Так было дней пять, неделю - не помню. Кони то у белок вертятся, то в лес бегут, что им надо в лесу? И еще, знаешь, кругами начали около двора рыскать, маленькие такие, все в шерсти, и зубы, значит, красные, в зубах у них кусочки мяса позастревали. А то вдруг станут у забора, шеи к окошку тянут и вроде даже не по-своему, не по-лошадиному так ржут... Жутко. Все в окно глядят, где Пашка, то ли зовут его, то ли так таращатся, не поймешь. Пацан в угол забился, белый как мел и чегото вякает, не разобрать. Морды эти в окне... А Братец с Сестрицей, они перепрыгнут через забор и уже по двору ходят. Ермолай последнюю водку допил, зарядил ружье медвежьей картечью, вышел к своим лошадкам... Да не лошадки к нему пошли, они-то как раз в сторонке гуляли.

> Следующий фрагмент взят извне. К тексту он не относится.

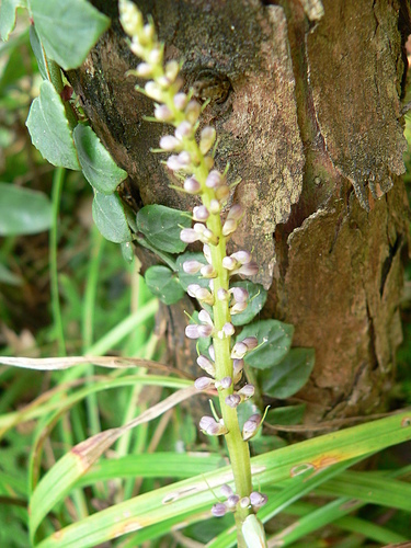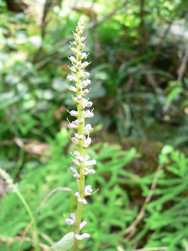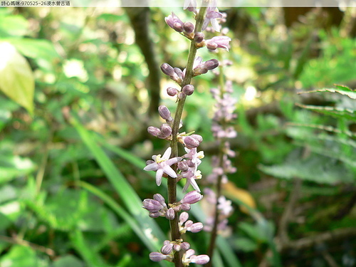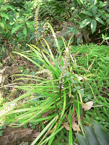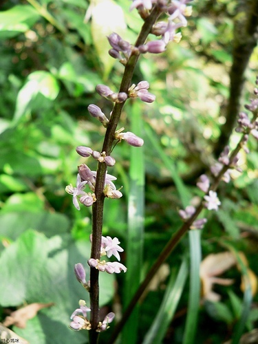 多年生草木,地下有許多走莖及紡錘根;葉叢生,細長而呈狹線形,長約 10-30 公分,寬約 0.2-0.3 公分,先端鈍,基部楔形,葉背綠白色。花期夏至秋季,花莖長約 8-18 公分,每一花莖上著生約 10 朵花,排列成疏總狀花序,花被淡紫色或近於白色,雄蕊 6 枚;自葉腋處抽梗。小花多數,小型略下垂。漿果球形,成熟時紫黑色。
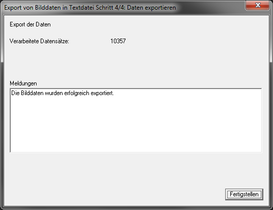 Nach der Betätigung des Schalters Fertigstellen wird der Dialog Export von Bildaten in Textdatei Schritt 4 / 4 geschlossen, womit der Export beendet ist.

Все пятеро стояли, значит, охотнички. "Ну, - сказал старшой, принимай гостей. Пора". Эх, дурак Ермолай, ему бы скорей назад в дом, да засовы покрепче... не выдержал. Упал перед ними на колени, тулуп расстегнутый, снег жрет: берите меня, говорит, одного, не могу больше, только бабу с дитем не троньте, падлы. "Пойдем, - говорит ему старшой, - пойдем, еще застудишься". Двое руки ему за спину, ремешком скрутили и пинками в избу. Привязали к стулу, рукавицу в пасть, чтоб не выл, и за Настасью. Старшой спокойный такой: "Раздевайся". Она его по матушке. "Раздевайся сама, хуже будет". Не-а. "Тогда пеняй на себя, а Ермолаю: - Смотри, гнида!" Вот тут, сынок, оно все и началось. Мужики-то голодные, сам понимаешь... а баба нет чтоб спокойно лежать, еще брыкается, орет. В общем, осерчал старшой, взял батькино ружье с медвежьей картечью, просто сунул ей дуло между ног... на добрую ладонь так, глубоко сунул... она охнула, замолчала... только смотрит. Старшой малолетку зовет: "Мужик ты или нет?" "А чё?" "Стреляй". Ты был смог, Сереженька?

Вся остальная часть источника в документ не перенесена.